» TASK TO CARRY OUT:
Please show every line in the entries below that includes the word "White".

» DATA IN THIS EXERCISE:
################

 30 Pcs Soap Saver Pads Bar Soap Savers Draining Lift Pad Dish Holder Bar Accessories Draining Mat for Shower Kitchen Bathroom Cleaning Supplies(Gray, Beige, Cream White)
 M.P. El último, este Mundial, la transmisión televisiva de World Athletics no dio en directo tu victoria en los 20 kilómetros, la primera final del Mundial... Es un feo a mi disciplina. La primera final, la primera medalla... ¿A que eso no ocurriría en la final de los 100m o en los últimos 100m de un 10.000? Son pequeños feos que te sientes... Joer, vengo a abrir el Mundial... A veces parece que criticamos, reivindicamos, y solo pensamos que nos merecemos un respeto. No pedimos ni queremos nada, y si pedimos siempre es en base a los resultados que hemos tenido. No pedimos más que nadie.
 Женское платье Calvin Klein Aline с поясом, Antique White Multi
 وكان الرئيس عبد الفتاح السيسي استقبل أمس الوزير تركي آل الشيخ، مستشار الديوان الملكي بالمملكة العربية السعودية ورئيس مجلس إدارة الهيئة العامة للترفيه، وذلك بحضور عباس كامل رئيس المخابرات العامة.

################

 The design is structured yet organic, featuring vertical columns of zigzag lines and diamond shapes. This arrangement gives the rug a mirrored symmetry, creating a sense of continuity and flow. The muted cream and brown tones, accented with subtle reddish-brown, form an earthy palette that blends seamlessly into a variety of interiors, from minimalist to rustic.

################

» EXERCISE SOLUTION:
 30 Pcs Soap Saver Pads Bar Soap Savers Draining Lift Pad Dish Holder Bar Accessories Draining Mat for Shower Kitchen Bathroom Cleaning Supplies(Gray, Beige, Cream White)
 Женское платье Calvin Klein Aline с поясом, Antique White Multi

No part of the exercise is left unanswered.